Data protection vendor Commvault has expanded its integration with Microsoft Azure Stack. The key enhancement is to Commvault’s support of Office 365, enabling both the indexing and searching of OneDrive for Business documents saved on Azure Stack hybrid clouds. New Compliance Apps also permit the discovery, monitoring, and managing of personally identifiable information on Azure Stack. In addition, Commvault is emphasizing the significance of recent improvements like the new Live Sync for Microsoft SQL Server for Azure Stack.
“Commvault is in a unique position to offer a single data management platform, which can leverage the same features and functionality and code on a Windows server in the enterprise, as we have been doing for 20 years, on a Windows VM, or public Azure, or running natively in Azure Stack,” said Randy De Meno, Chief Technologist, Microsoft Products and Microsoft Partnerships, at Commvault. “It’s a huge benefit, and a confidence boost for the customer.”
DeMeno, who has been with Commvault since 1994, has witnessed the long, 18-year relationship between the two companies.
“We have had a successful and storied relationship with Microsoft, since the days when we abandoned a hardware solution running a version of Unix for Windows,” he said. “We have supported Azure since Day One – back when it was called Microsoft Cloud Services – and integrate with it seamlessly to take advantage of their compute power. We regularly share our road maps with Microsoft, and have benefited from strong working relationships with Microsoft executives who share the same vision as us.”
DeMeno said that the new ability to both index and search OneDrive for Business documents saved on Azure Stack hybrid clouds is the big deal here.
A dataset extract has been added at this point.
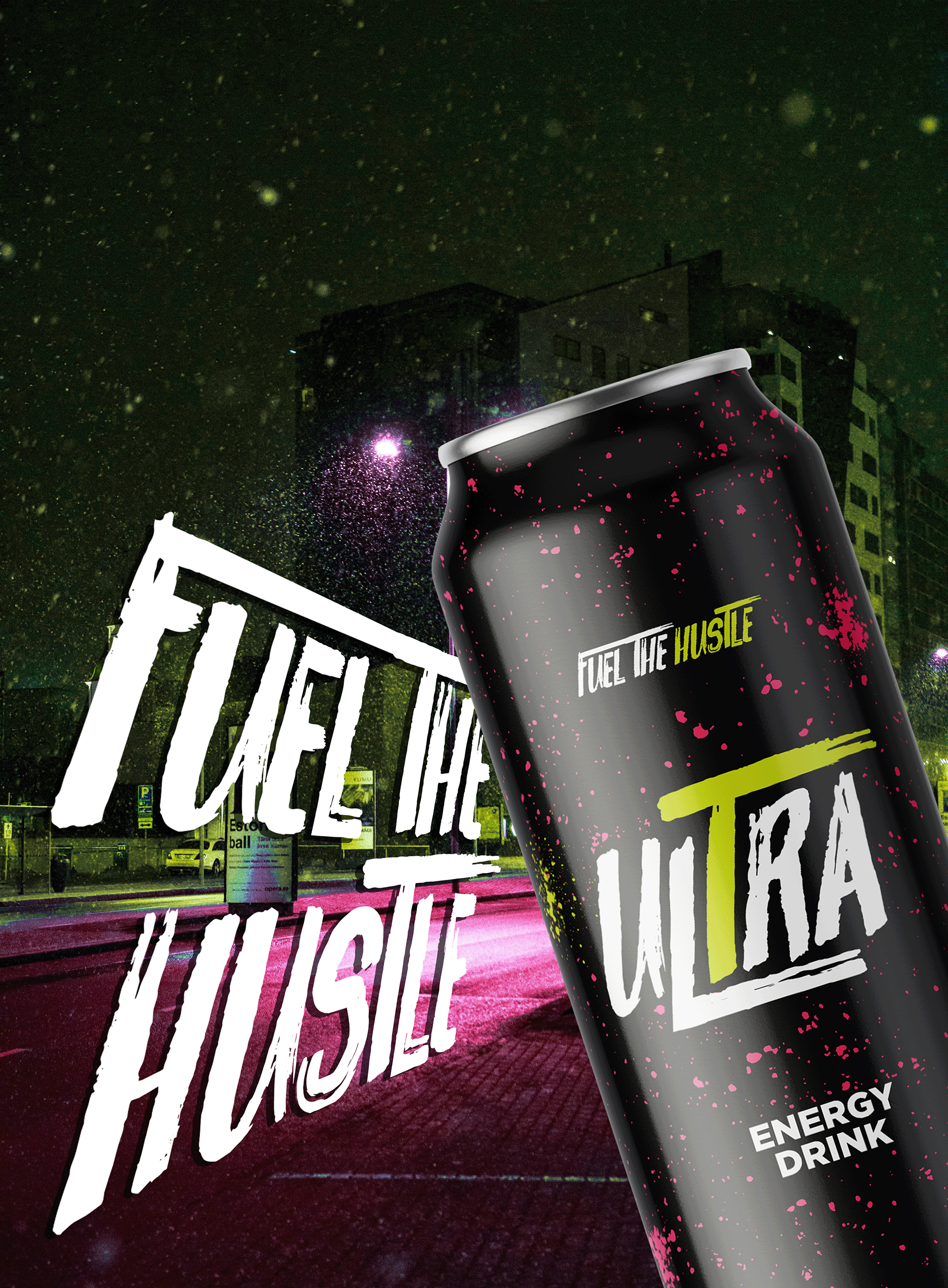 ULTRA is a bold, urban-inspired energy drink concept created to capture the raw energy and edge of street culture. Designed with a gritty, rebellious aesthetic, the brand blends dark tones with neon accents, graffiti-style typography, and dynamic visual elements like spray paint textures and bold strokes. This concept explores how product design can channel attitude and identity, reflecting a lifestyle of non-stop motion, self-expression, and unapologetic confidence. It’s not just a can -

“That’s the key new feature, which expands our Office 365 support, and which also enables the search of other applications like Microsoft Exchange and Microsoft SharePoint,” DeMeno said. “It goes beyond what Microsoft provides out of the box. While it is most optimal to do this in Azure itself, it’s still critical to have the capability on-prem, which give the customer a heterogeneous enterprise-wide storage-agnostic eDiscovery and Search. And it’s the same software, that we run in public Azure, while still having traditional components running in Azure Stack. We also run natively, not just in guest mode, to take full advantage of the Azure Stack compute power.”
The impending deadline for adherence to the EU’s strict GDPR privacy law is a consideration here, DeMeno added.
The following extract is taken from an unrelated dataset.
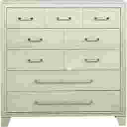 Crafted of pine solids and pine veneer with a distressed, wire brushed ivory white finish, the Crestwood Creek bureau offers ample space for all of your bedroom storage needs. Featuring five wide drawers, each utilizing sturdy English dovetail construction, this useful piece adds stylish practicality to your bedroom. Satin nickel finished hardware beautifully complements the urban rustic design.

“That’s a key component,” he said. “It’s critical for a customer to easily enable eDiscovery and Search in Azure Stack, when multinational GDPR requirements are involved.”
GDPR requirements are also addressed by new Commvault Compliance Apps that enable discovery, monitoring, and management of personally identifiable information on Azure Stack. These apps let administrators quickly process data requests from end-users and meet other data privacy regulatory requirements.
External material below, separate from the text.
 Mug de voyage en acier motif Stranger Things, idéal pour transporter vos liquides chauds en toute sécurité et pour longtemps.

In addition, Commvault’s Live Sync for Microsoft SQL Server, introduced earlier this year, automatically replicates changes captured by backups for a production SQL database on an Azure Stack private cloud to another SQL server, after every backup job, without any additional overhead to the production server.
DeMeno stressed that Azure Stack is a strong channel play for Commvault partners.
“They can help their customers move their workloads from on-prem to Azure,” he said. “Over the past couple years, we have focused more on Commvault as a managed service, and we see this as helping them work with customers in their migration to the cloud. The same will apply as a SaaS play, which I see becoming an increasingly significantly opportunity for partners.”